- Born: January 21 Shreveport, Louisiana, U.S.
- Education: Collin College
- Occupation: Actor
- Years active: 2009–present
- Known for: Snowfall
- Height: 6 ft 1 in (1.85 m)
- Spouse: Hollye Hudson

= Carter Hudson =

American actor

Carter Hudson is an American actor, born on January 21 in Shreveport, Louisiana. He is best known for starring on John Singleton's crime drama Snowfall, which debuted 5 July 2017 on FX and ended in 2023 after six seasons.

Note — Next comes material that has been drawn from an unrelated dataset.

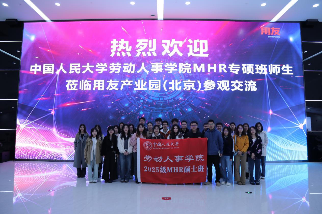 近期,中国人民大学劳动人事学院专业学位硕士项目中心组织2025级MHR专硕班师生先后走进用友网络科技股份有限公司(简称“用友”)与北京国际人力资本集团股份有限公司(简称“FESCO”),开展两场高质量名企参访活动。两场参访分别作为专硕培养方案中“咨询服务中心”课程与《人力资本服务理论与应用》课程的重要实践环节,助力同学们将课堂理论与行业实践深度融合,近距离感受数智化浪潮下企业管理与人力资源服务的创新方向。
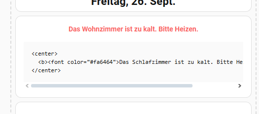 Er gibt zwar Warnungen von den Sensoren aus, aber wenn jetzt 2 Warnungen vorhanden sind, dann formatiert er den einen mit dem center und b Code etc. Aber die andere Warnung nicht.

== Early life and education ==
Carter Hudson attended Collin College in Texas before transferring to the SUNY Purchase Conservatory of Theater Arts in New York, graduating in 2009. After graduating, Hudson began his career in theater, landing roles in several productions. Some of his notable early works include Honus and Me (2009) at Mountain Playhouse in Pennsylvania, The Chosen (2010) at Portland Center Stage in Oregon, The Effect (2012) by Lucy Prebble, and A Crime to Remember (2013).

== Career ==
Hudson gained recognition for his portrayal of Teddy McDonald, a CIA operative, in the FX series Snowfall, which premiered in 2017.

== Filmography ==

=== Television ===

- A Crime to Remember (2013)
- The Night Of (2016)
- Snowfall (2017) as Teddy McDonald
- The L Word: Generation Q (Showtime)
- The Wilds (2020)
- Dear Edward (2023)
- American Horror Story: Delicate (2023)

=== Film ===

- The Cherry Orchard (2016)
- Call Jane (2022)

=== Theatre ===

- Honus and Me (2009) at Mountain Playhouse in Pennsylvania
- The Chosen (2010) at Portland Center Stage in Oregon
- The Effect (2012) by Lucy Prebble
- Good Night, and Good Luck (2025), George Clooney's Broadway adaptation of his 2005 film of the same name.

=== Video games ===
Red Dead Redemption (voice role)

== Personal life ==
Carter Hudson has been married to actress Hollye Hudson (née Gilbert) since June 21, 2014.